Pierre Ambroise François Choderlos de Laclos (1741–1803) combina une carrière d’officier avec une d’écrivain, et il reste surtout connu pour son fameux roman épistolaire, Les Liaisons dangereuses, paru en 1782. Cependant il composa aussi des poèmes, dont un recueil fut publié en 1908 par Arthur Symons et Louis Thomas. La majorité de ceux-ci traitent de l’amour, souvent sur un ton badin, voire licencieux.
J’ai sélectionné le premier poème de la collection, adressé à une fillette de six ans.
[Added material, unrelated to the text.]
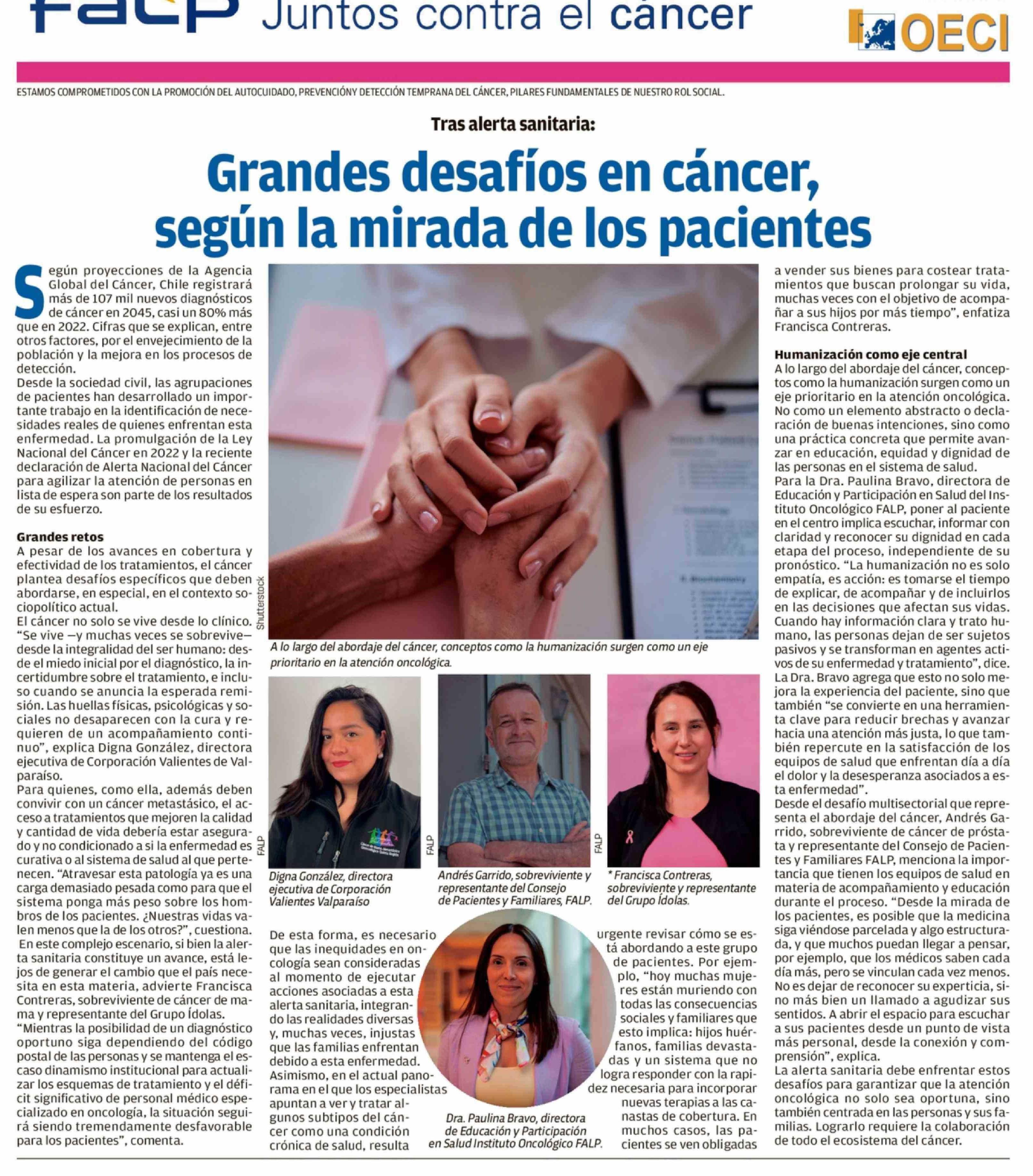 Grandes desafíos en cáncer, según la mirada de los pacientes

Il lui assure que sa beauté enchantera plus tard les hommes, mais que lui-même sera alors trop vieux pour obtenir ses faveurs ; aussi profite-t-il maintenant de sa tendresse, qu’enfant elle prodigue plus généreusement que les adultes. Selon les éditeurs, cette pièce fut publiée dans l’Almanach des Muses de 1767, tandis que Laclos était en garnison à Strasbourg.
À MADEMOISELLE DE SAINT-S…,
EN LUI ENVOYANT
DES MIRABELLES DE METZ
PERRETTE, vous avez six ans
Et les goûts heureux de votre âge.
Le bonbon doit être un hommage
Pour vous au-dessus de l’encens.
De votre mine enchanteresse,
Quelqu’autre un jour vous parlera,
Mais que de peines il faudra,
Pour obtenir votre tendresse !
Trop éloigné de mon printems,
Je n’en pourroi plus prendre aucunes,
Et je veux profiter du temps
Où vous la donnez pour des prunes.
Source : Poésies de Choderlos de Laclos, publiées par Arthur Symons et Louis Thomas, chez Dorbon l’aîné, Paris (1908). Ouvrage numérisé sur Internet Archive.